Although both techniques have been used successfully, there has never been any comparison between their effects; indeed the assumption has been that they are approximately equal. However, this may not be the case. As the effects of rTMS last for a considerable period there is plenty of time available for other areas of the brain to react to, or be influenced by, the disruption. It is also possible that repetitive stimulation will more readily produce activity in complex circuits than a single pulse (Kobayashi and Pascual-Leone 2003). Indeed, functional imaging studies have already shown that rTMS leads to widespread changes in patterns of neural activity at the site of stimulation as well as in connected sites at a distance (Chouinard et al. 2003).

In the present study we have compared the effect of short- and long-lasting “virtual lesions” of the dorsal premotor cortex (PMd) in a choice reaction time task. The experiments were based on the original observations of Schluter et al. (1998, 1999) who used TMS over PMd to investigate its role in selection of movements in a choice reaction time (RT) task. Their data suggested that during the first 100–200 ms after presentation of the choice signal, stimulation over the left PMd had a bilateral influence on choice RTs of either hand, whereas activity in right PMd only had a small effect on RTs of the left hand. Schluter et al. (1998, 1999) used a single high-intensity TMS pulse to interrupt function in PMd. However, we found that this often produced a twitch in contralateral hand muscles, presumably because of spread of the stimulus to the adjacent motor cortex, which made interpretation of the results difficult. To circumvent this, in the present experiments we used two smaller pulses of lower intensity over PMd and compared the effect on response accuracy and RTs with that seen after applying a new rTMS protocol termed “theta burst stimulation” (TBS), which has an effect on cortical excitability that outlasts the stimulation for 30 min (Huang et al. 2005).

Methods

Subjects

Twelve healthy volunteers (four women and eight men; 21–49 years old) participated in this study. All subjects were right handed based on the Edinburgh Handedness Inventory (Oldfield 1971) and they all gave written informed consent for the study. The experimental procedures used were approved by the local Ethics Committee and were carried out in accordance to the Declaration of Helsinki.

RT recording

Electromyographic (EMG) recordings were recorded bilaterally from the first dorsal interosseous (FDI) muscles using 9-mm diameter, Ag–AgCl surface cup electrodes. The active electrode was placed over the muscle belly and the reference electrode over the metacarpophalangeal joint of the index finger. Responses were amplified with a Digitimer D360 amplifier (Digitimer Ltd, Welwyn Garden City, Hertfordshire, UK) through filters set at 20 Hz and 2 kHz with a sampling rate of 5 kHz, then recorded by a computer using SIGNAL software (Cambridge Electronic Devices, Cambridge, UK). We analysed the onset latency of EMG in each trial.

TMS

Two Magstim 200 machines or one Magstim Super Rapid Package (Magstim Co., Whitland, Dyfed, UK) and a small custom-made figure-of-eight-shaped coil (mean diameter 5 cm) were used for the experiments.

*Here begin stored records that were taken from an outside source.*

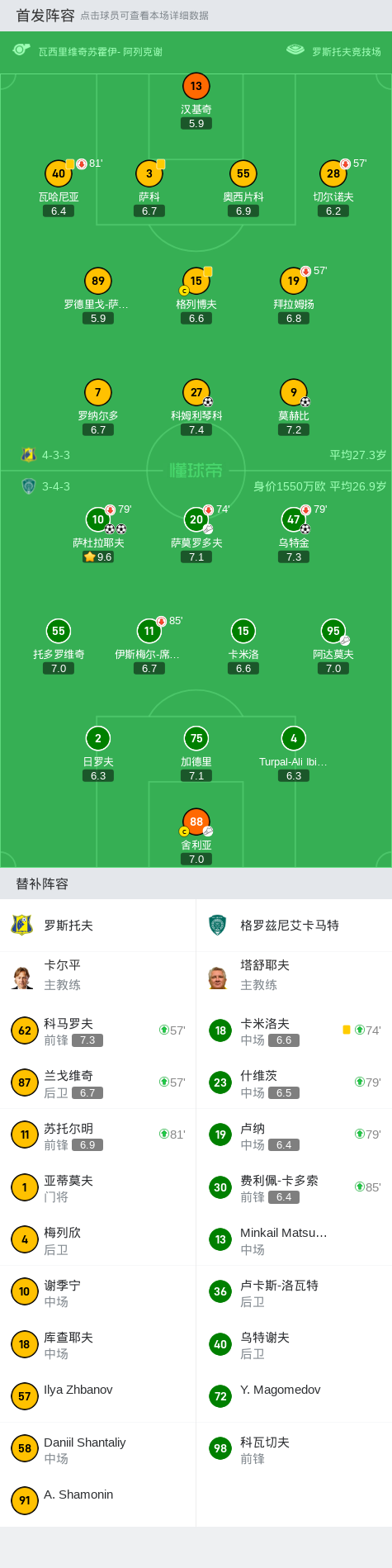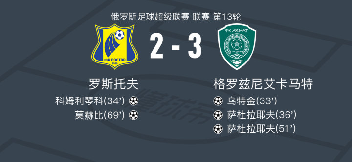 格罗兹尼特里克3-2罗斯托夫,萨杜拉耶夫梅开二度,乌特金破门
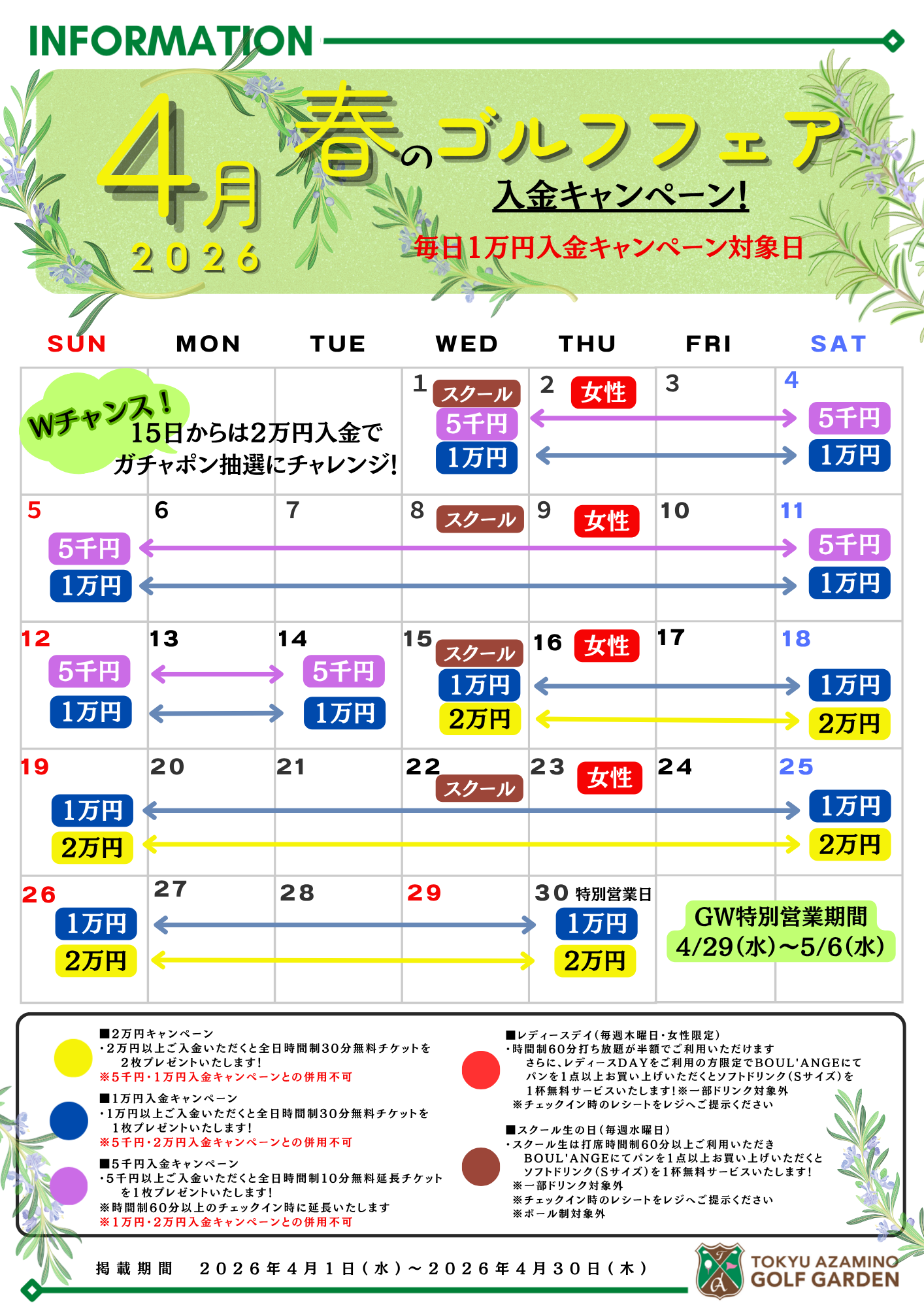 - いつも東急あざみ野ゴルフガーデンをご利用いただき誠にありがとうございます。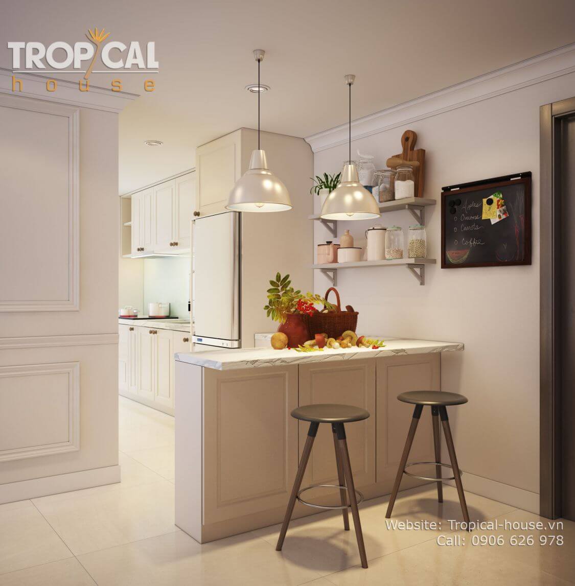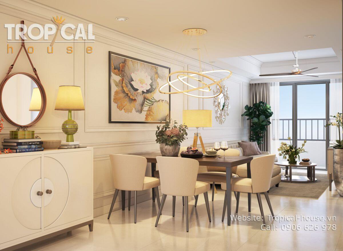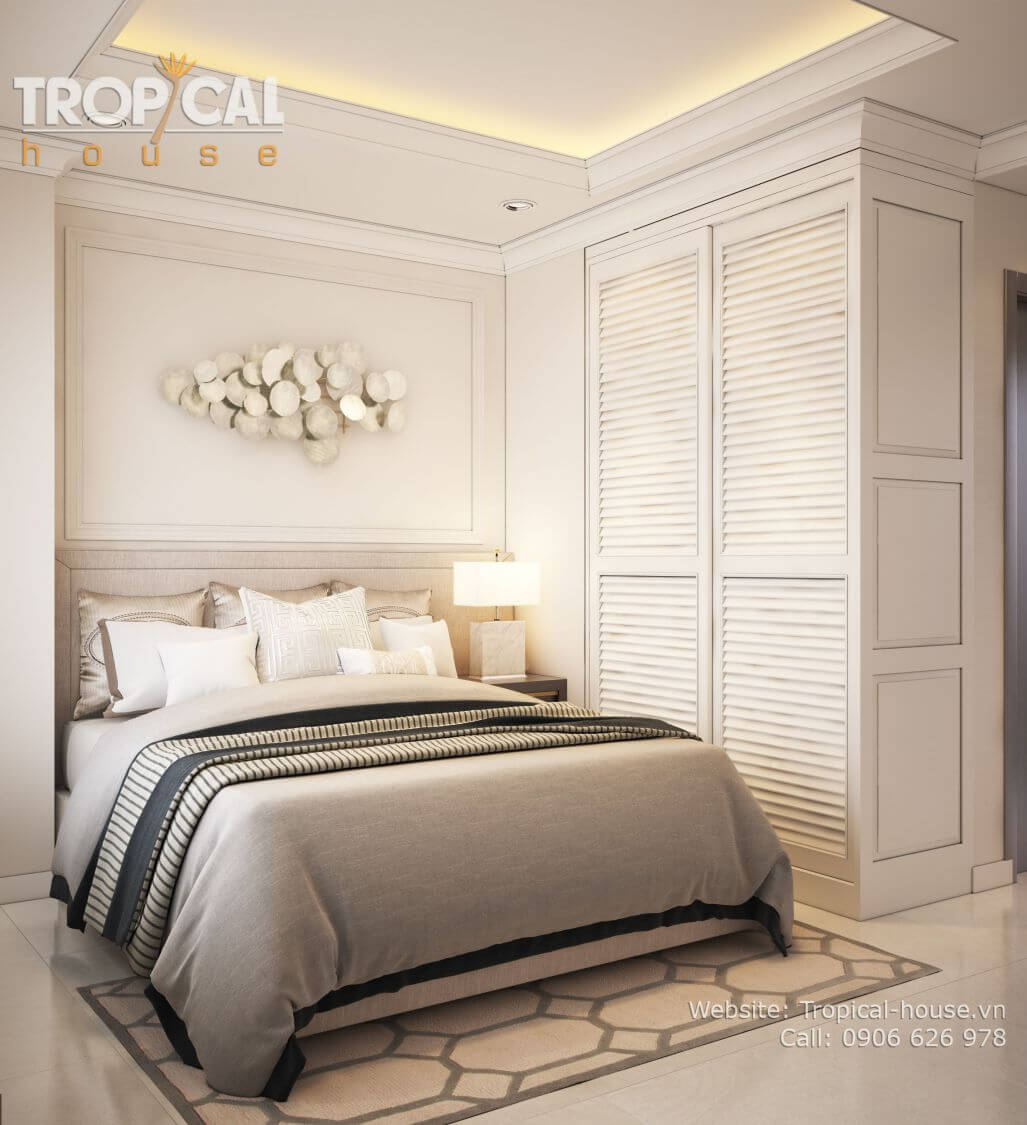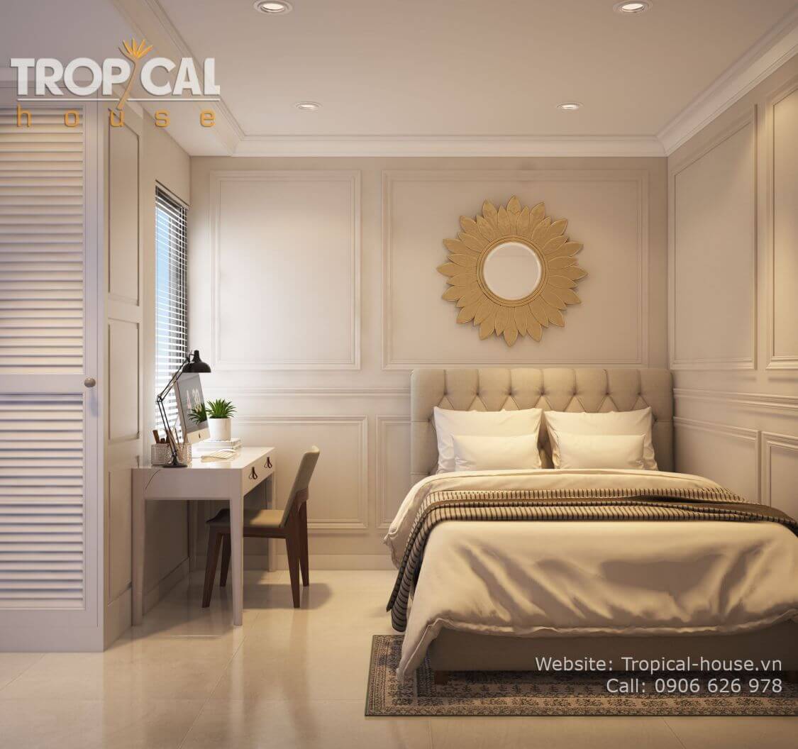 Phong cách thiết kế: bán cổ điển nhẹ nhàng, không gian ấm cúng. Sử dụng tone màu kem nhẹ nhàng, nhấn nhá bởi các đồ vật decor đặc sắc như: tranh treo, gương, vật trang trí treo tường...

The TMS was delivered to one of the three different locations, right or left PMd was regarded as active location; Pz of the international 10–20 system was used as a control site. In all cases, the coil was oriented to induce anteriorly directed current in the brain. First we defined the hand motor area of M1, where stimulation evoked the largest MEP from the contralateral FDI muscle. PMd was defined as being 2.5 cm anterior and 1 cm medial site to that point as recommended in previous reports (Fink et al. 1997; Picard and Strick 2001; Mochizuki et al. 2004). The stimulus intensity was adjusted to be 120% of resting motor threshold (RMT) for the double pulse experiments or 80% of active motor threshold (AMT) for the rTMS experiments. In some subjects, if TMS over PMd at an intensity of 120% RMT evoked small MEPs in the contralateral FDI muscle, we changed the angle of the coil by 10–30° until the MEP was no longer present. We defined RMT as the lowest intensity that evoked five small responses (about 50 μV) in the contralateral FDI muscle in a series of ten stimuli when the subject kept the FDI muscles relaxed in both hands. AMT was the lowest intensity that evoked five small responses (about 200 μV) in a series of 10 stimulations when the subject made a 5% maximal voluntary contraction.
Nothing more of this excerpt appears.